• YOUR GOAL:
Reproduce the data in full, exactly as given, leaving images out.

____ DATASET SECTION

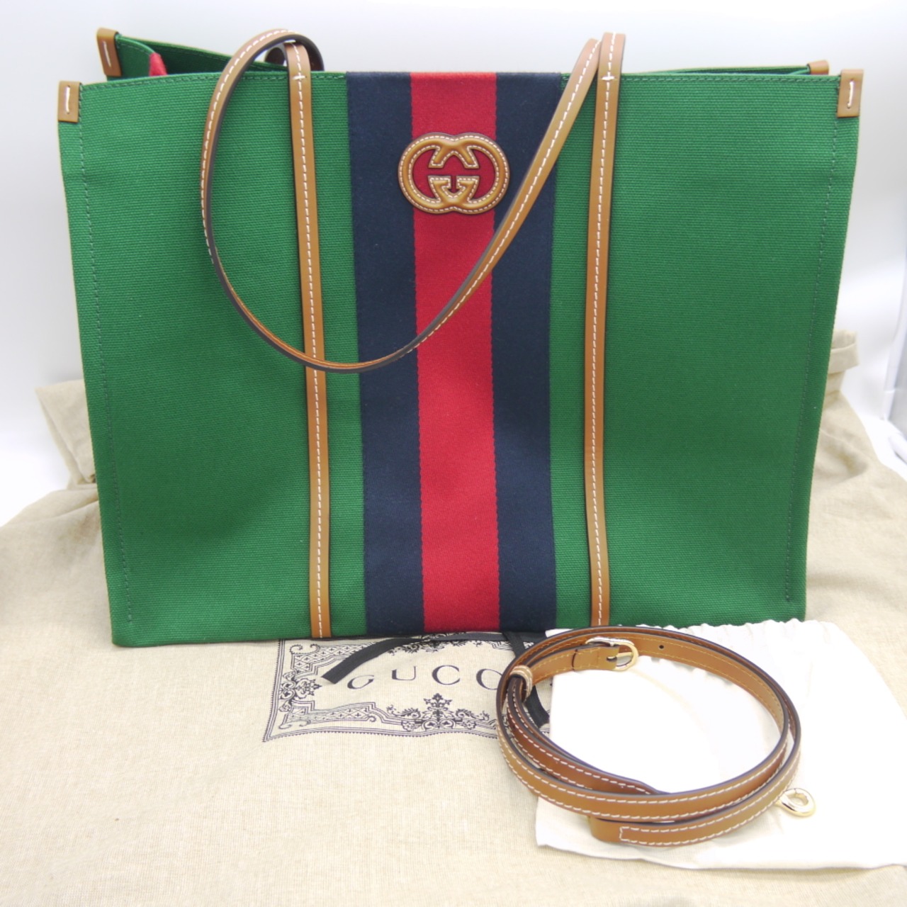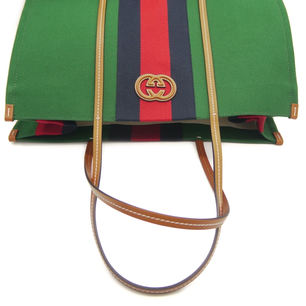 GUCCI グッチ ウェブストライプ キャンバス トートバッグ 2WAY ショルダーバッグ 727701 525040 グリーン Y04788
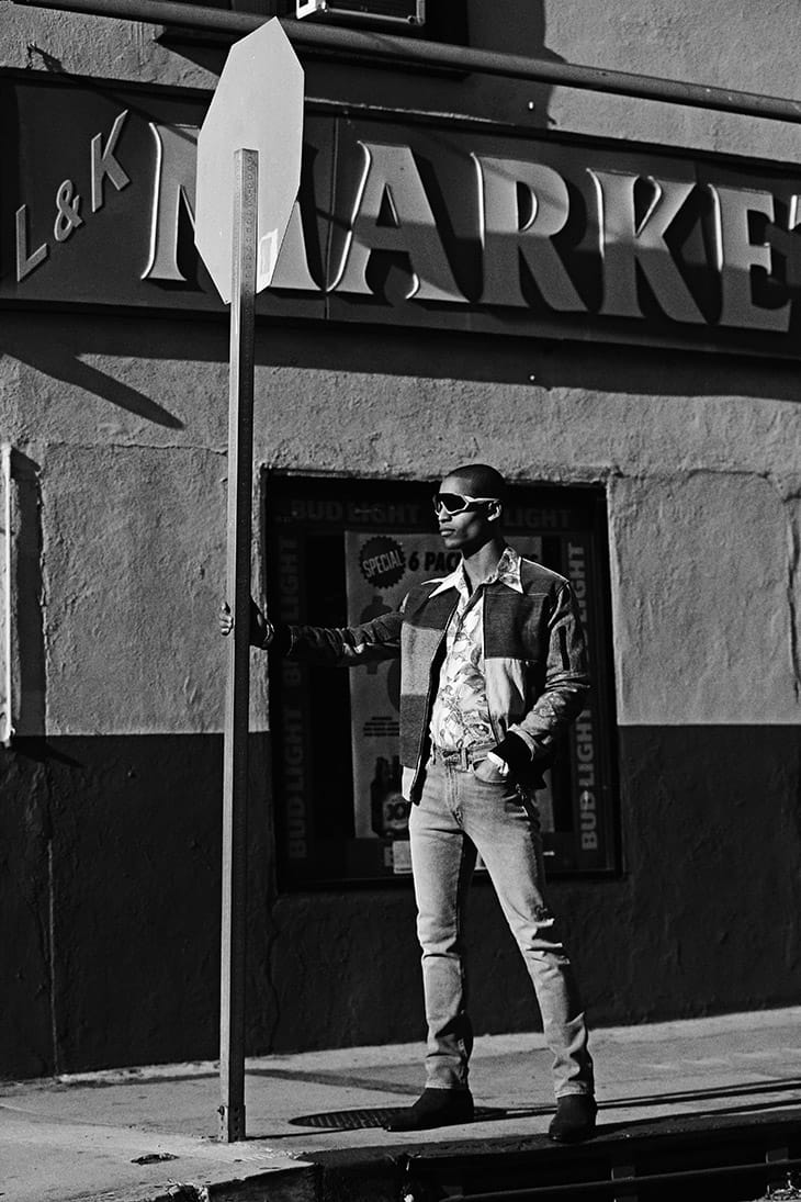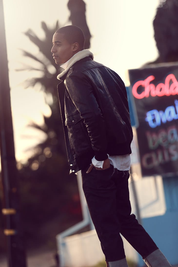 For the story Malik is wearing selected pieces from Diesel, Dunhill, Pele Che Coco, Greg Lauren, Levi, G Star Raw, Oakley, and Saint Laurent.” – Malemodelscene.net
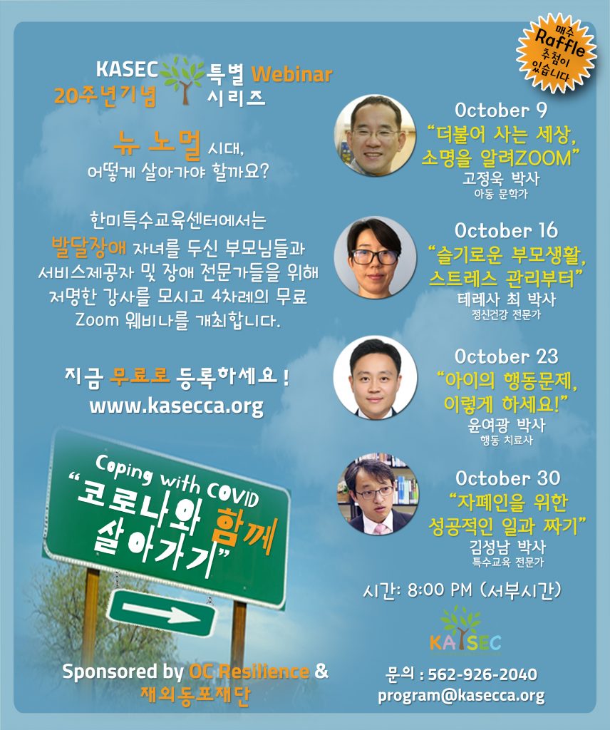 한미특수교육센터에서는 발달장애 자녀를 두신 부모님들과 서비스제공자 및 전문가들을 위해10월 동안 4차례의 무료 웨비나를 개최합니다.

________

• RESPONSE TO THIS TASK:
 GUCCI グッチ ウェブストライプ キャンバス トートバッグ 2WAY ショルダーバッグ 727701 525040 グリーン Y04788
 For the story Malik is wearing selected pieces from Diesel, Dunhill, Pele Che Coco, Greg Lauren, Levi, G Star Raw, Oakley, and Saint Laurent.” – Malemodelscene.net
 한미특수교육센터에서는 발달장애 자녀를 두신 부모님들과 서비스제공자 및 전문가들을 위해10월 동안 4차례의 무료 웨비나를 개최합니다.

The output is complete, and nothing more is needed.